In the stacked bar chart above, we see different distributions of violations across precincts. Notably, precinct 6 has the greatest proportion of moving traffic violations, and precinct 3 has the smallest proportion of vehicle equipment violations. Precinct 7 has the biggest proportion of seatbelt violations. These differences may be due to the factors such as the layout of the city, the amount of traffic, and how urban the precincts are.

Code
nashville |>
  filter(precinct %in% as.character(1:8)) |> 
  mutate(Hour = hour(time)) |> 
  group_by(Hour, precinct) |> 
  summarise(count = n()) |> 
  ggplot(aes(x = Hour, y = count, color = precinct)) + 
  geom_point(size = 0.5) +
  geom_line() +
  theme_bw(13) +
  scale_x_discrete(limits=0:23) + 
  labs(x = "Hour", y = "Stop Count") +
  ggtitle("Stop Count by Hour of the Day by Precinct") 

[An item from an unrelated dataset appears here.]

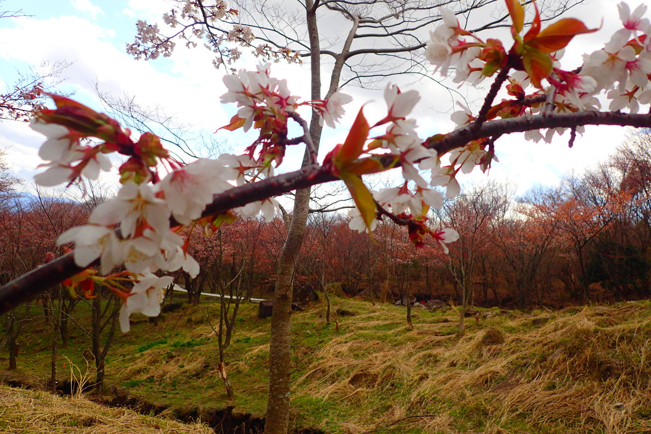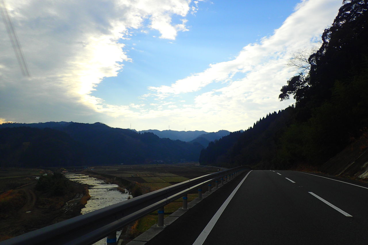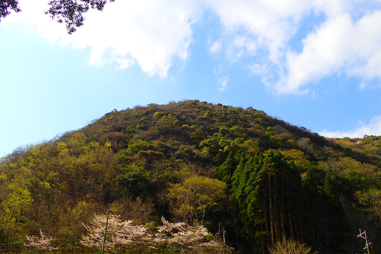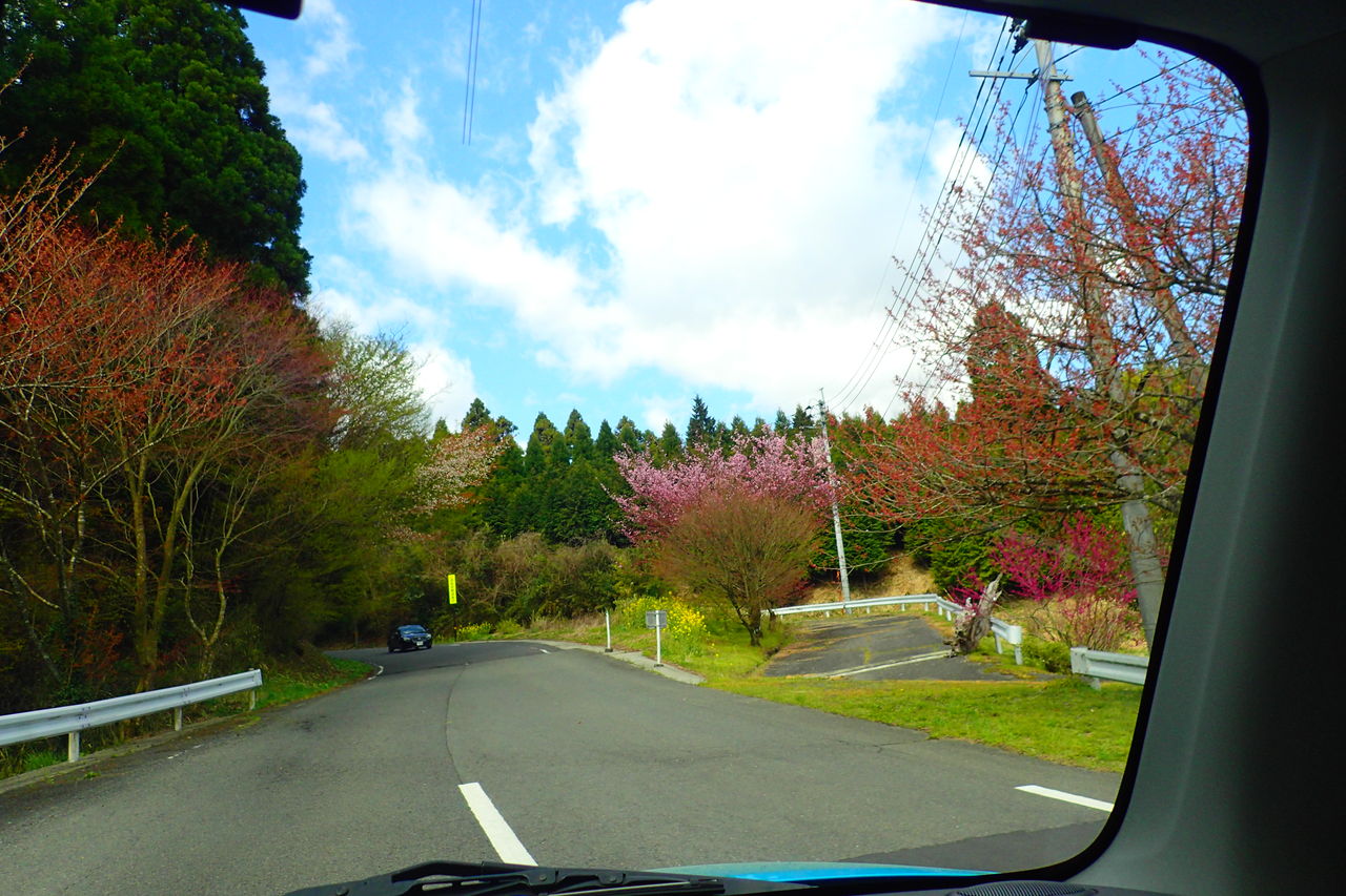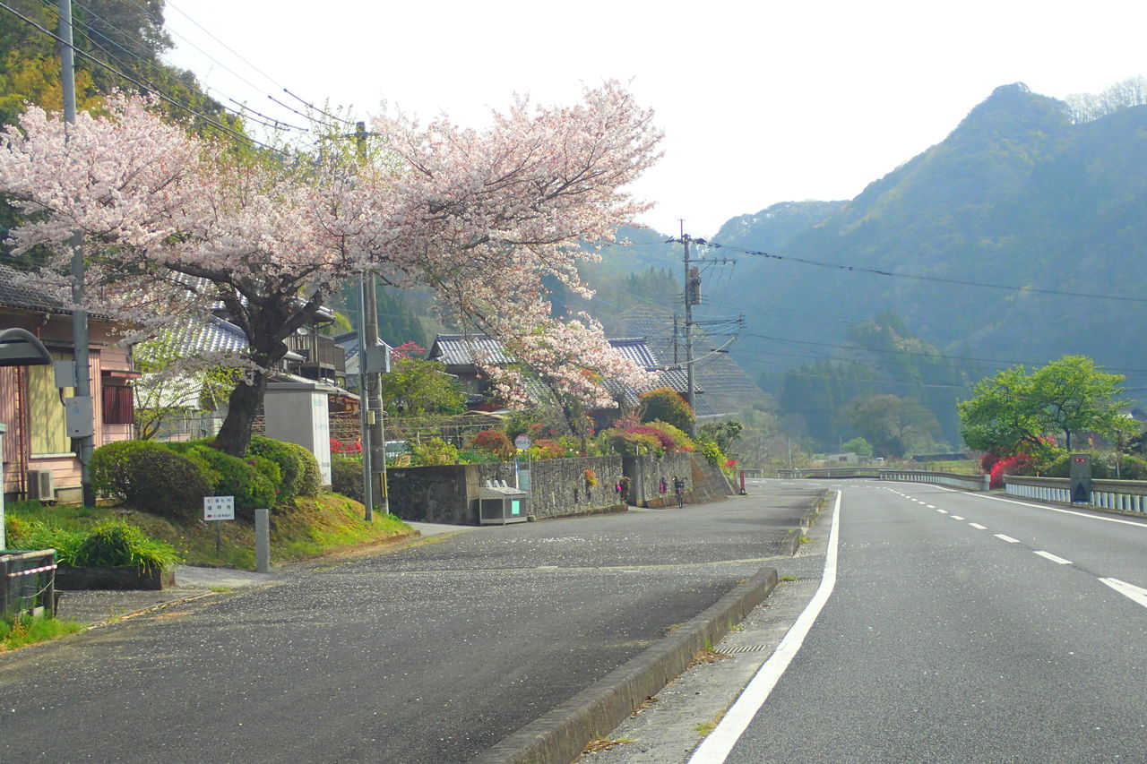 楯ヶ城トンネルを越え、本匠・堂の間。道路脇の桜

The differences in precinct are evident by looking at the number of stops by hour segmented by precinct. Clearly, precinct 5 has the most stops during daytime hours (7AM-4PM) but fewer stops for the rest of the day. Conversely, precinct 8 has a medium number of stops during the daytime but the most stops during odd hours such as around midnight. These trends likely reflect both the patrolling patterns of police and the traffic waves in certain areas of the city.

Code
nashville |> 
  filter(precinct %in% as.character(1:8)) |> 
   mutate(subject_race = ifelse(subject_race %in% 
        c("asian/pacific islander", "unknown", "other", "hispanic"), "other", 
        as.character(subject_race))) |> 
  select(precinct, subject_race) |> 
  drop_na() |> 
  ggplot(aes(x = precinct, fill = subject_race)) + 
  geom_bar(position='fill') + 
  labs(x = "Precinct", y = "Proportion") + 
  ggtitle("Race Comparisons Across Precincts") + 
  scale_fill_manual(values = c("#aec57b", "#ad8db3", "#82A2CA"),
                    name = "Race") + 
  theme_bw(13)

From the stacked barplot above, we see that the distribution of races also varies by precinct. Precinct 6 has the highest proportion of Black individuals stopped, while precinct 1 has the greatest proportion of White drivers stopped. Visualizing these differences can show the bigger picture of the populations of neighborhoods in Nashville.

Code
nashville |> 
  filter(precinct %in% as.character(1:8)) |> 
  select(precinct, arrest_made, citation_issued, 
         warning_issued, frisk_performed, search_conducted, 
         search_person, search_vehicle) |> 
  drop_na() |> 
  group_by(precinct) |> 
  summarise(arrest_made = mean(arrest_made),
            citation_issued = mean(citation_issued),
            warning_issued = mean(warning_issued),
            frisk_performed = mean(frisk_performed),
            search_conducted = mean(search_conducted),
            search_person = mean(search_person),
            search_vehicle = mean(search_vehicle)) |> 
  ggparcoord(columns = 2:8, groupColumn = "precinct") +
  theme_bw(13) + 
  ggtitle("Stop Outcomes by Precinct") +
  theme(axis.text.x = element_text(angle = 25, vjust = 1, hjust=1))

Finally, we compare the breakdown of outcomes by precinct. We see that precinct 7 is where individuals are the most likely to be searched. Precinct 4 has the lowest rates of searches and warnings but the highest likelihood of a citation issued. This plot also verifies the tradeoff between citations and warnings that was shown in the parallel coordinates plot by race. Precincts with a high rate of citations also have a low rate of warnings, and the converse holds. To see this, note the trends exhibited by precincts 2 and 4.